Ну, сейчас-то еще иногда по-новому называют — если рыжий, то Чубайс, если черный — Черномырка, а она своего так чудно назвала — Багратион, что ли! Как будто грузин какой-то или чеченец! Тьфу! Все не по-людски! Ну правда — вылитая ведьма! Плетется, сама старая, а глаза горят, на палку кривую опирается, и черный котище рядом! Прямо страх берет! В потемках если встретишь — потом не заснуть!
Старуха невольно покосилась на окошко и перекрестилась.
— И котище-то страшенный — весь черный, ни волоска светлого, только глаза светятся, точь-в-точь как у самой Сони!
— Что ты, мама, страсти такие рассказываешь? — снова вступила в разговор Дуня. — Девушка правда невесть чего подумает. Лучше бы, честное слово, поела! Так ведь и сидишь не евши целый день!
— Да нет, — сердито ответила старуха дочери, — не заходила, не заходила сегодня почтальонша!

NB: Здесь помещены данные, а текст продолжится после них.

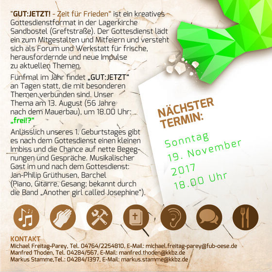 "gut:jetzt! - Zeit für Frieden" ist ein kreatives Gottesdienstformat in der Lagerkirche in Sandbostel (Greftstraße). Fünfmal im Jahr findet "gut:jetzt!" an Tagen statt, die mit besonderen Themen verbunden sind. Unser Thema am 13. August (56 Jahre nach dem Mauerbau) um 18 Uhr ist: "frei?!"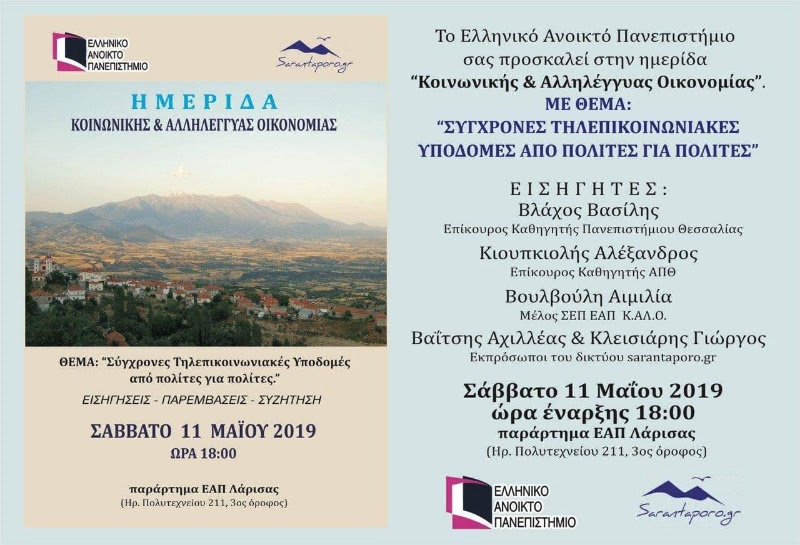 Heteropolitics researchers Alexandros Kioupkiolis and Aimilia Voulvouli will be speaking at the Social & Solidarity Economy (SSE) Conference on the “Modern Telecom Infrastructures by Citizens for Citizens” organized by the Greek Open University and Sarantaporo.gr in Larissa on May 11, 2019. Here’s more information (in Greek) about the event: https://www.eap.gr/el/anakoinvseis-ekdilwseis/sunedria-ekdilwseis/ekdiilwseis-tou-eap-fwtografiko-arxeio/7490-imerida-k-al-o-tou-eap-sti-larisa-me-thema-sygxrones-tilepikoinoniakes-ypodomes-apo-polites-gia-polites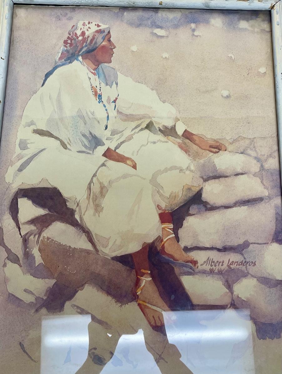 Framed Art: Signed Watercolor Lithograph "Aquila" by Albert Landeros.

— Тьфу, совсем старая оглохла!
— Не знаю, ведьма там или не ведьма, — баба Катя понизила голос, — а только вот что я сама видела. Витька, сосед ее, пьянь последняя и нестоящий мужик, сильно кота этого невзлюбил. Ну, иду я как-то мимо Софьиного дома, гляжу, а Витька за котом гонится, и полено в руке. Кот шустрый, проскочил между кустами, Витька в него поленом и запусти… Так что ты думаешь, полено об яблоню ударилось, обратно отскочило и Витьке в самое лицо-то и попало, неделю после того с большущим синяком ходил…

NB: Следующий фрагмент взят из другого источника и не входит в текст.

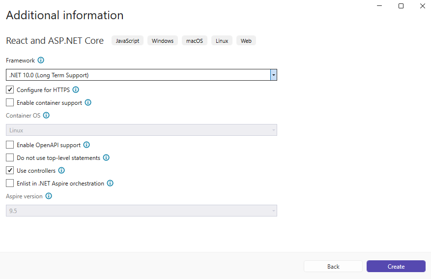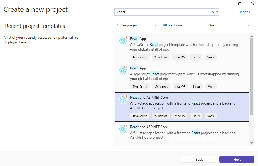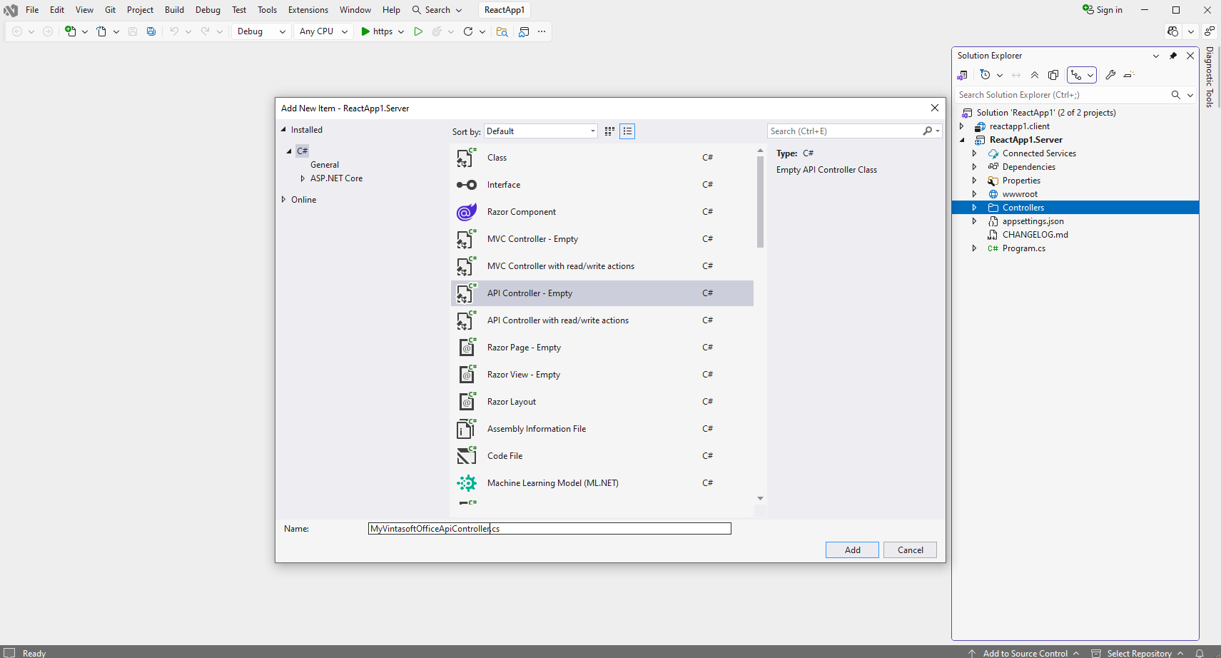 Откройте Visual Studio .NET 2026 и создайте новое приложение типа "React и ASP.NET Core":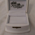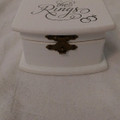 J'ai reçu ma boite à alliance . Mon homme avait flasher dessus et on adore l'idée de la boîte, on pense au côtés pratique avec notre fils qui nous l'amènera à l'église. A l'intérieur c'est marquer...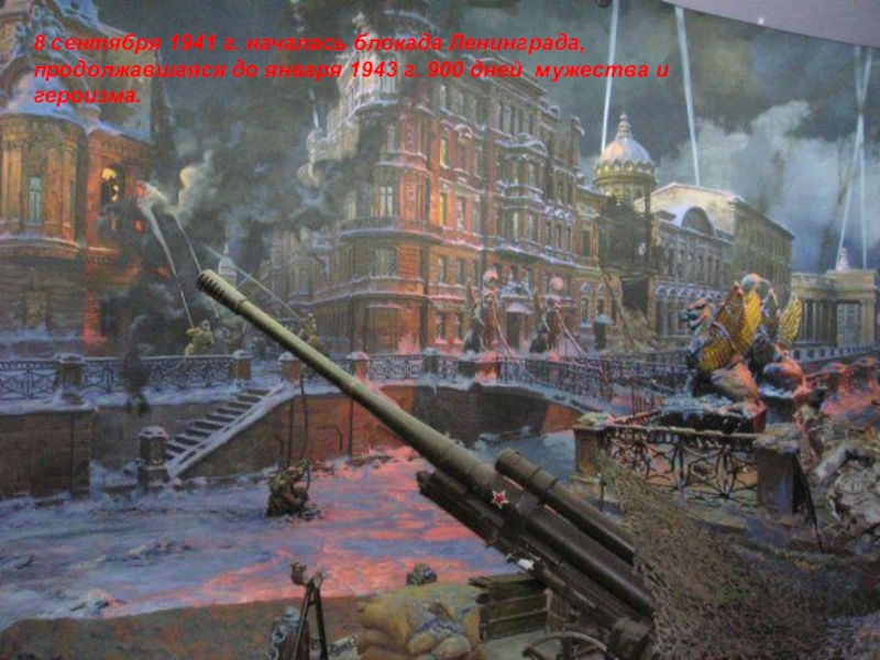 8 сентября 1941 г. началась блокада Ленинграда, продолжавшаяся до января 1943 г. 900 дней мужества и героизма.

— Ну мама, чего ты только не наговоришь… Витька, почитай, всегда с синяками ходит — то свалится где по пьяному делу, то мужики его за сволочной характер побьют… Ну при чем тут баба Соня?
— Точно тебе говорю, — убежденно сказала старуха, — через нее это получилось! Правда, Витьке, бескультурнику, так и надо, не будет следующий раз животное обижать!
Дуся неожиданно оживилась, придвинулась ко мне вместе с табуреткой и, понизив голос, в точности как мать, заговорила:
— А и сама-то я помню, тоже случай был. Сестра-хозяйка была в нашей больнице, Алевтина Васильевна, строгая такая женщина. Шла она раз мимо Сониного дома, а котище бабкин навстречу бежит. Знамо, никто не любит, если черный кот перейдет дорогу, так Алевтина Васильевна палку подняла и в котяру этого бросила. За палкой-то нагнулась, а выпрямиться уже не может — радикулит ее тут же разбил. Так что, пожалуй, и правда — ведьма была баба Соня, и кот у нее не простой, заговоренный, что ли…
— Пойду я. — Я поднялась с места, отодвинув стул. — Еще в дом зайти надо, поглядеть, как там и что, и кота, кстати, изловить.
— Насчет кота это правильно Софья тебе велела, — одобрила баба Катя. — Изведет Витька кота-то, хоть он и заговоренный, как есть изведет, он уж и то кричит, что ведьмин кот несчастье приносит. А откуда у него в доме счастью-то взяться, когда пьет, почитай каждый день? И кот Софьин тут ни при чем совсем…
— Я с тобой пойду, — подхватилась тетя Дуня, — нужно Софьино смертное забрать, обряжать завтра ведь…
Я отвернулась, чтобы она не видела, что я недовольна. Уж что-то слишком эта тетя Дуня суетится. В прошлый раз она явно подслушивала, когда Софья Алексеевна говорила мне свою последнюю волю. Бьюсь об заклад, что судьба кота Багратиона ее мало волнует. Неужели она заинтересовалась словами полусумасшедшей старухи о каких-то мифических алмазах? Хотя, конечно, из рассказов бабы Кати можно сделать вывод, что покойная моя прабабушка маразмом не страдала, но кто теперь проверит?
— Слушай, что скажу, — начала тетя Дуня, когда мы бодро шагали по заснеженной улице, — там у Софьи сосед Витька если пьяный, то в дом тебя ни за что не пустит. Он, понимаешь, вбил себе в голову, что, как только Софья помрет, эти полдома его будут. Дескать, родственников у нее никаких нету, ну администрация и отдаст ему ее хоромы, потому что охотников на них не найдется. Так что Витька тебя не больно ласково встретит, может даже топором погрозить.
— Вот как? — удивилась я. — И что же делать?
— К участковому зайдем, к Васильичу, он Витьку усмирить очень просто сумеет, только сначала туда надо… — И тетя Дуня указала на вывеску продовольственного магазина.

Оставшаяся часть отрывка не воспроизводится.